I was searching about how to develop embedding model for openai embedding api.
And then, I got this documentations.
- (JAN 25, 2022) Introducing text and code embeddings
- (DEC 15, 2022) New and improved embedding model
The first document had a paper, so I read it, but the second document didn’t have a paper.
Is the model(text-embedding-ada-002)'s training objective the same as “text-similarity-davinci-001”?
Can you please guide me on which documentation I should refer to?
Hi there z2ao and welcome to the community.
I’m probably not answering your real question but just couldn’t stop myself from mentioning that you don’t train the embedding model. You use it to get vectors for text searches and such.
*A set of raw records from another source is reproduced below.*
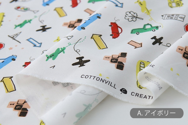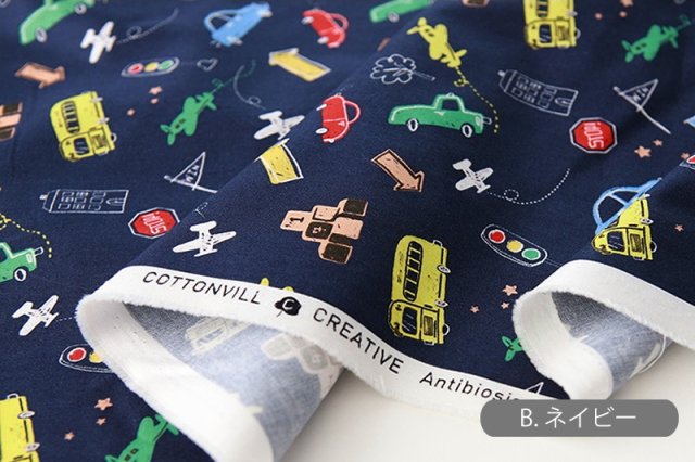 自動車やバス、飛行機、信号機や道路標識が賑やかにデザインされたコットン生地です。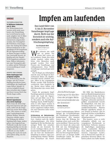 Das Land führt von 11. bis 21. November Vorarlberger Impftage durch. Nicht nur der Erststich ist wichtig, sondern auch die Auffrischungsimpfung.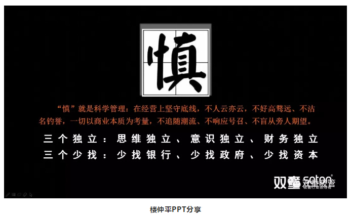 作為企業(yè)來(lái)說(shuō),如果你能做到這兩個(gè)“少找”,你的企業(yè)一定能活得更久。因為你會(huì )更客觀(guān)、更市場(chǎng)化、更經(jīng)得起外部宏觀(guān)的影響?!半p童”就是如此,沒(méi)有太多的負債,甚至不負債。這樣一來(lái),無(wú)論外面產(chǎn)生什么樣的環(huán)境,相對來(lái)講做好自己。企業(yè)的使命不是做多大,如果一生當中能把某一件極小的事情做得足夠好的時(shí)候照樣偉大,而非要做成百億企業(yè)。
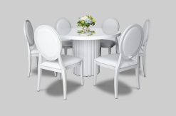 The Tuscany Round Dining Table is available for rent in Dubai, Abu Dhabi, UAE, GCC. This white wooden dining table can seat 4 people comfortably. Perfect for small and intimate set up for NYE, gala dinners, outdoor events, cafe set up. Pair with the Dior Dining Chair for the perfect set up. Contact us now to order the Tuscany Round Dining Table or for any other event furniture need or visit our INSTAGRAM page for set up inspiration.
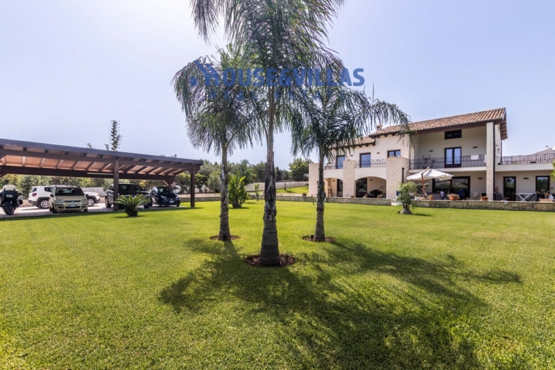 House&villas real estate propone in vendita villa con giardino in contrada chiusa di carlo ad avola, zona poco distante dal mare e dal centro storico. L'immobile è grande circa 400mq, si sviluppa su tre livelli ed è cosi composto: al piano terra troviamo un ampio open space con camino, una cucina abitabile, un cucinino, una bagno ed una lavanderia; al primo piano vi sono un ampio salone, uno studio ed una camera da letto con bagno in camera e cabina armadio; al secondo piano troviamo una mansarda composta da una camera da letto con bagno e cabina armadio. Completa la proposta un garage di circa 25mq. Il terreno di pertinenza della villa è grande circa 9000 mq piantumato a limoneto con 350 alberi produttivi. La villa è stata costruita nel 2018 ed è dotata di tutti i comfort: parcheggio auto interno, area giardino, impianto di allarme e videosorveglianza, trivella per uso domestico, gebbia per l'irrigazione del limoneto, pannelli solari, ampie verande e terrazzo con vista panoramica.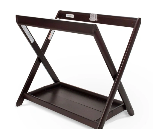 Espresso-coloured Bassinet stand with bottom shelf. can fold easily for transport. 2016 model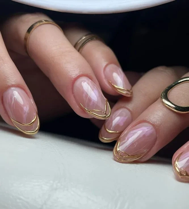 Импрессионизм на ногтях: тонкие золотые отблески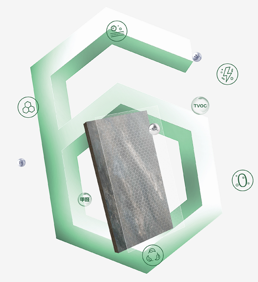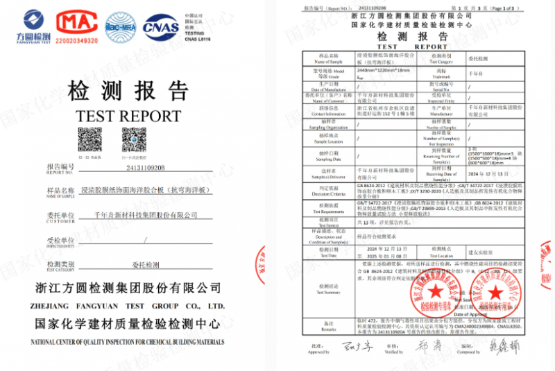 千年舟抗彎海洋生態板飾面以三胺紙飾面為主要材料,以鋅離子+石墨烯雙重無機抗菌劑作為原料,實現廣譜抗菌、抗病毒、0級防霉、高效凈醛、除TVOC和石墨烯雙重抗菌抗病毒功效,六維智護體系,全方位守護居家健康。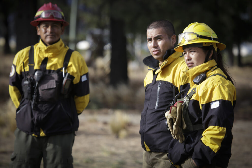 Participan en la línea combatientes del SPMF, de las brigadas del SNMF de Patagonia, Centro y NOA, del SPLIF El Bolsón, de parques nacionales, del SPMF de Neuquén, y bomberos voluntarios de El Hoyo y Lago Puelo. También un grupo de vecinos coordinado por jefes de sector en el monitoreo desde fajas cortafuego.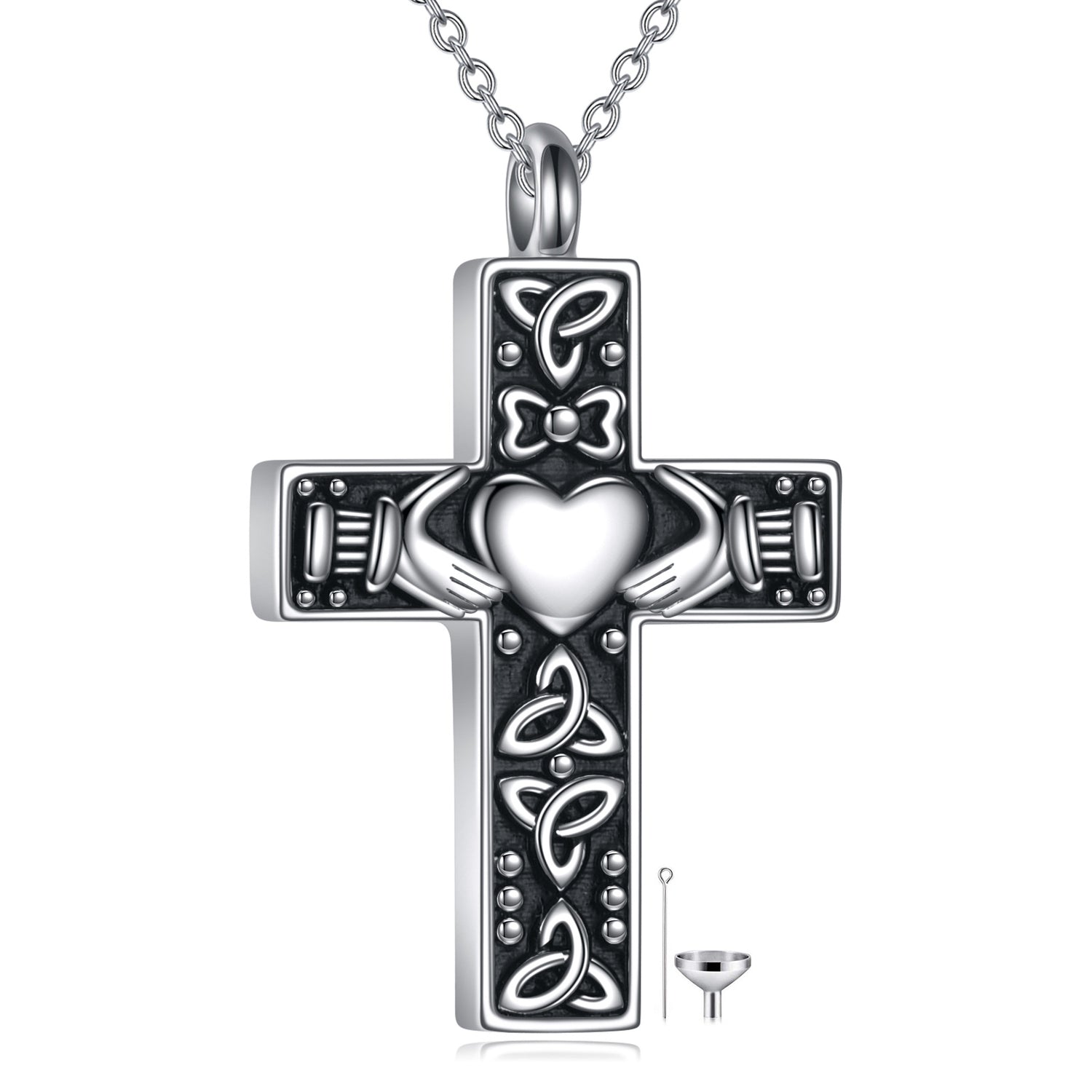 This Sterling Silver Cross Claddagh Pendant Necklace with Engraved Word by YFN is a perfect blend of style and heartfelt sentiment for all genders. Crafted from high-quality sterling silver, this unisex retro silver Cross pendant necklace is devoid of any stones, making it suitable for all. The "Always In My Heart" inscription and striking cross design serve as a constant reminder of love and connection, adding vintage charm and a thoughtful meaning to any outfit.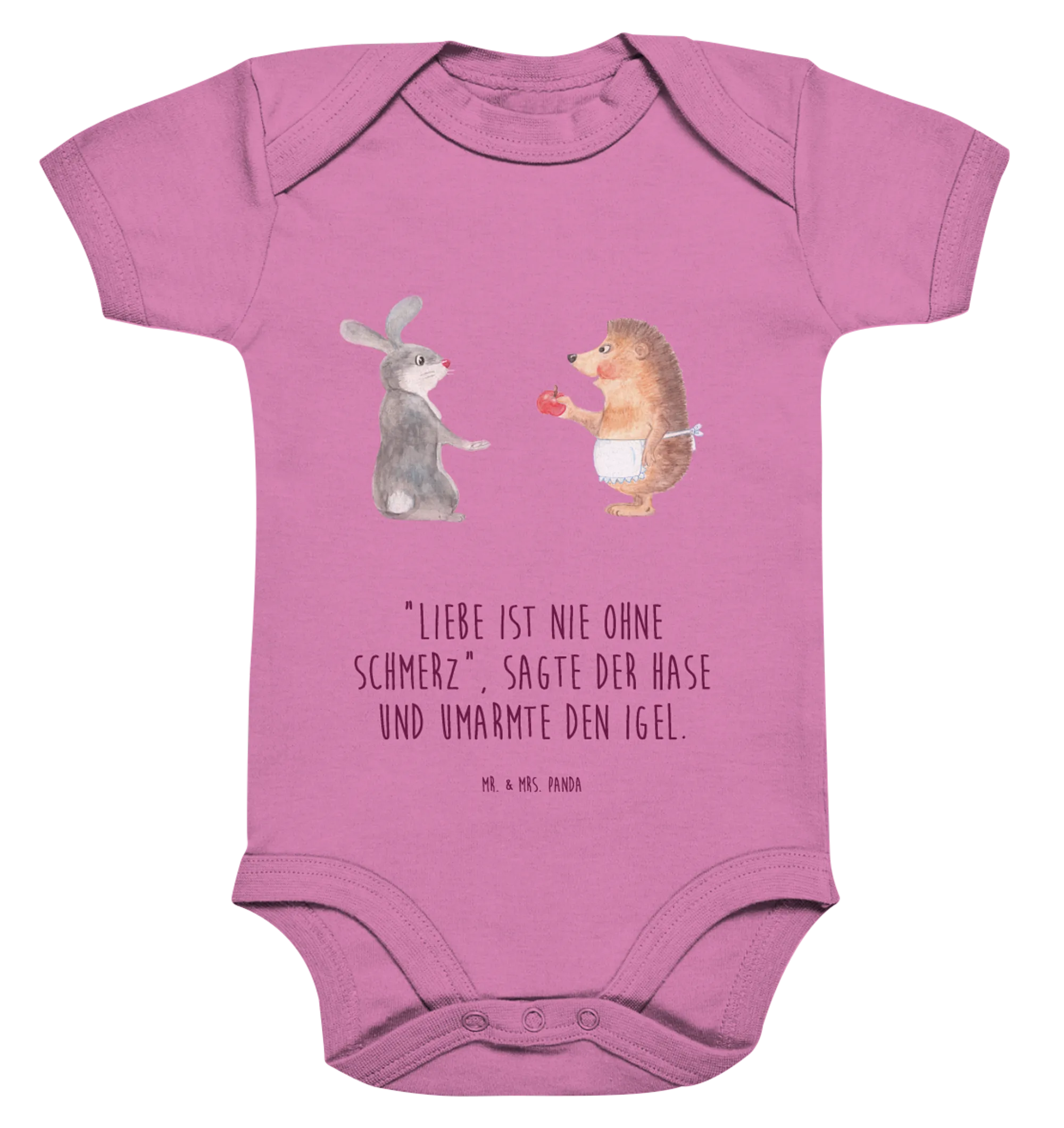 Der Organic Baby Body „Liebe ist nie ohne Schmerz“ von Mr. & Mrs. Panda ist der perfekte Begleiter für die kleinsten Liebhaber der Tierwelt. Mit dem süßen Motiv eines Hasen und eines Igels, die ineinander verliebt sind, erinnert dieser Strampler daran, dass die Liebe manchmal herausfordernd sein kann, aber dennoch wunderschön.
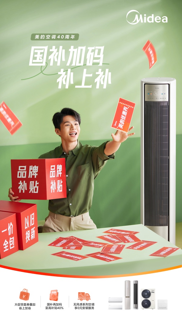为了回馈消费者,值此美的空调40周年之际,隆重推出“国家补贴+品牌补贴+以旧换新”三重福利体系。针对家中闲置的旧空调,美的推出以旧换新活动,至高可省1100元,宠粉钜惠至高40%,消费者还可享受大促惊喜券,至高减400元,让优惠再加码,真正实现“高端体验、亲民价格”。

So you would send a document to the embedding model and it would return a list of vectors that represent that text back to you to store in a DB and use to search against at a later time. For example, I’ve got a lot of PDF files that I want to use to help answer questions. I split them up into 200 word “chunks” and send the chunks to the embedding model, get the vectors back and save them in the DB. Then later when someone asks a question I send the question to the embedding model, get the vectors, do a vector search in the DB and append the answer to the next request to GPT4 endpoint and that give me an answer.
So you don’t really train the embedding endpoint but just use it to get vectors. I’m sure someone will come along and answer your real question though.
Good luck with your project.
Welcome to the forum!
The correct documentation is here OpenAI Platform
I don’t know if the objectives were the same, my guess is the newer model is faster and useful for more applications.